With Wes Anderson’s Moonrise Kingdom being condemned as “the whitest movie ever made” and Behn Zeitlin’s Beasts of the Southern Wild being dismissed as a palliative for white guilt, why are the supposed merits of these otherwise acclaimed films obscured by charges of social misrepresentation?  Is there value in these films despite these charges? I don’t so much have a stake in these debates of taste, race, social responsibility as I am interested in how they shape reception (especially among academics).

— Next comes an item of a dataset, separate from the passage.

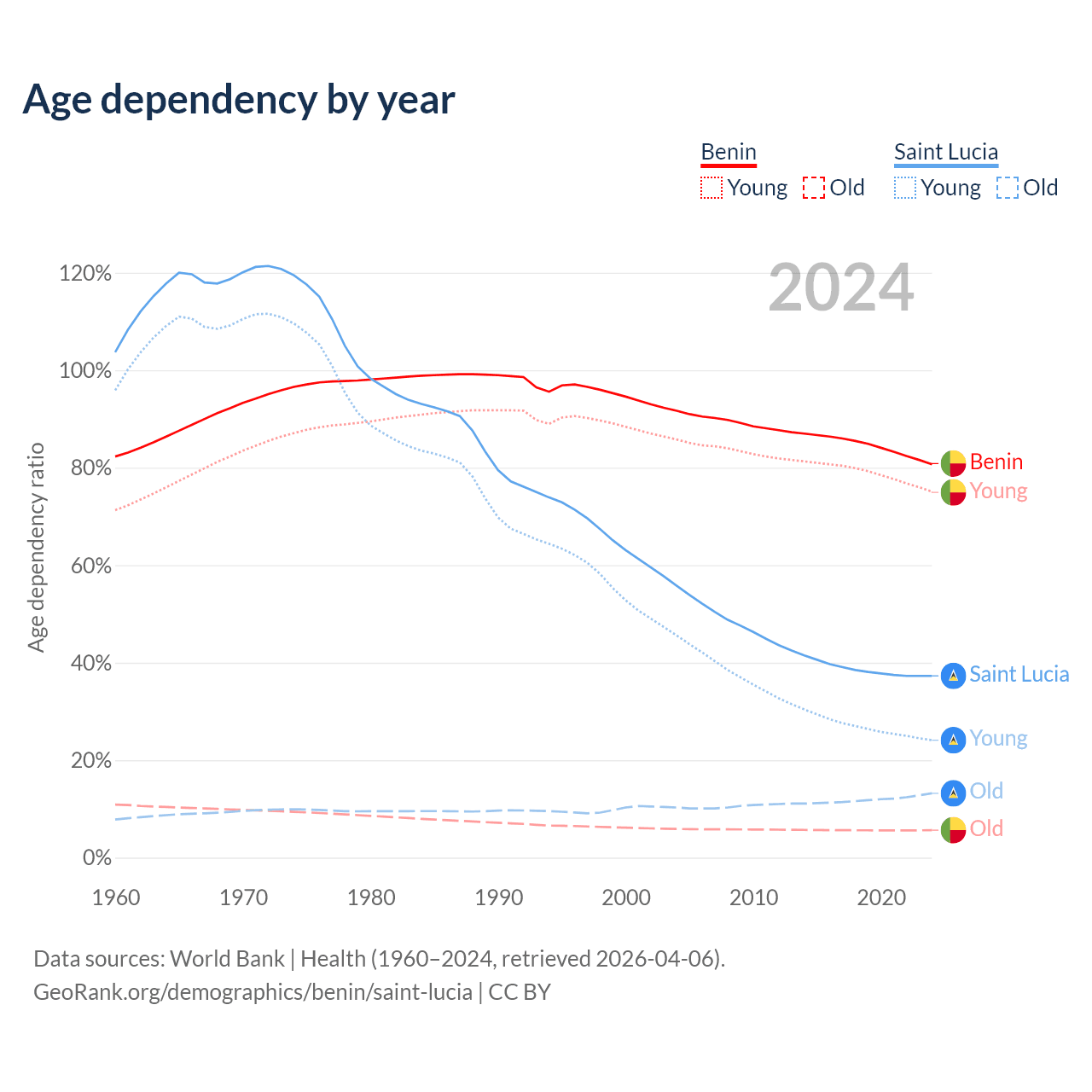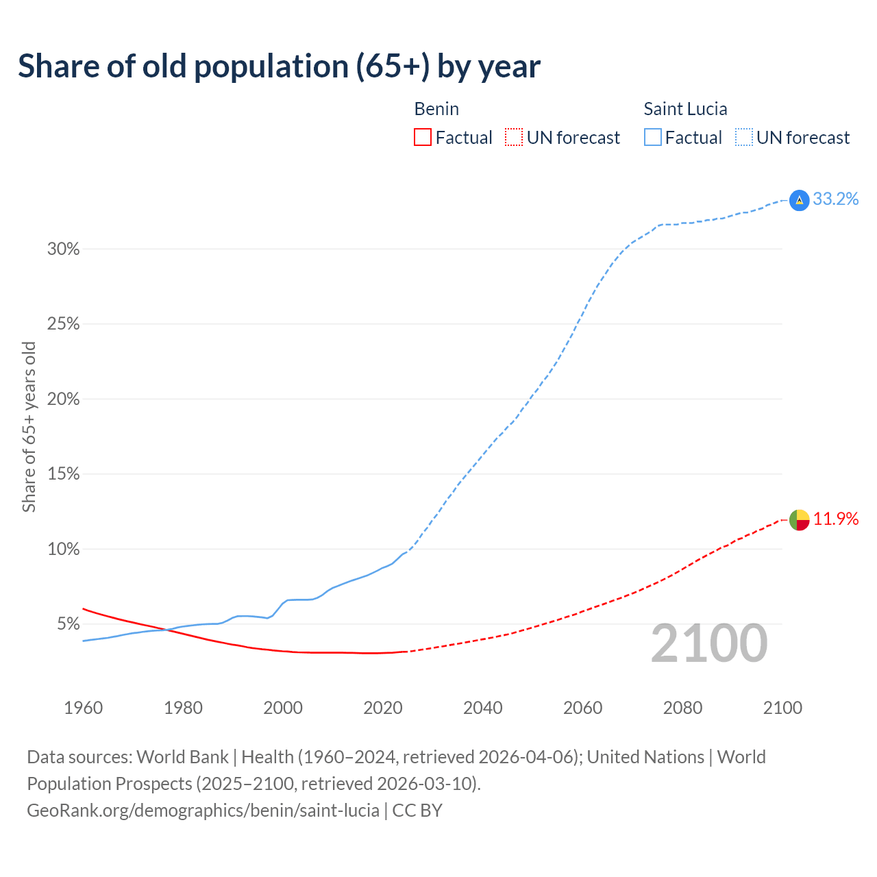 - The share of old-age demographic (65+) in Benin is 3.12% vs 9.62% in Saint Lucia.

Both films, it seems, are faulted with placing fantasy dangerously close to sensitive historical realities. Beasts actually dabbles in Fantasy proper (the eponymous “beasts” are frozen prehistoric creatures newly-thawed and revived by a cataclysmic heat wave), but its setting and plot also recall the Katrina disaster, inventing an (implausibly?) idyllic, close-knit community forced to survive after a storm of mythic proportions. The fantasy of Moonrise is a bit less magical; it takes place on an enchanted island in 1965, conveniently untouched by the racial politics of the times (Jeffrey Sconce reminds us that the hurricane in Moonrise hits just two weeks after the Watts riots), and just as conveniently uninhabited by anyone who is neither white nor privileged. The problem here isn’t that such homogeneous places didn’t exist; it’s just that nobody today should be nostalgic for them.

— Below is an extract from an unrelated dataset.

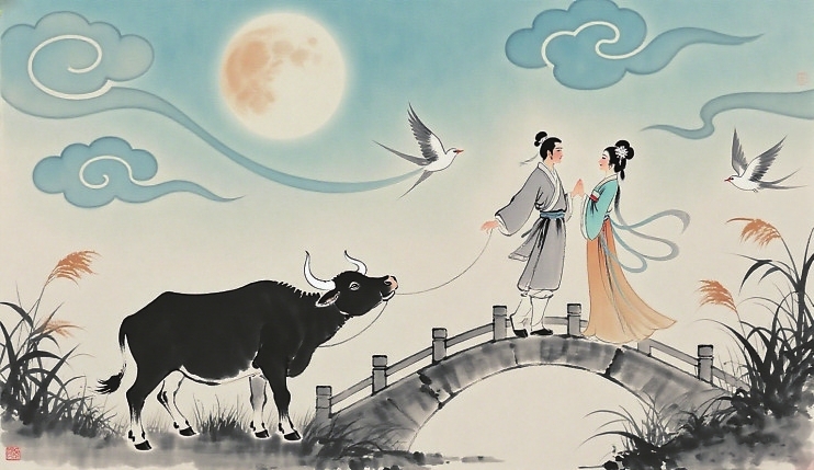 我看著妻子的側臉,光影里,她眉眼溫柔。幸而在人間,幸好不是牛郎織女。花船終會枯萎,但人能共船渡,上岸后攜手同行。

The politics of these films is indeed questionable. Wes Anderson could have avoided a lot of this hot water if only he didn’t set his film so precisely in 1965[1] (his films are characteristically insular, and generally ambiguous in chronological setting). The director of Beasts maybe could have avoided his own hot water if he weren’t white or middle class (the way angry critics talk about him, one imagines he might have grown up on Anderson’s fictional island, braiding lanyards and listening to symphonies–but no evidence confirms this).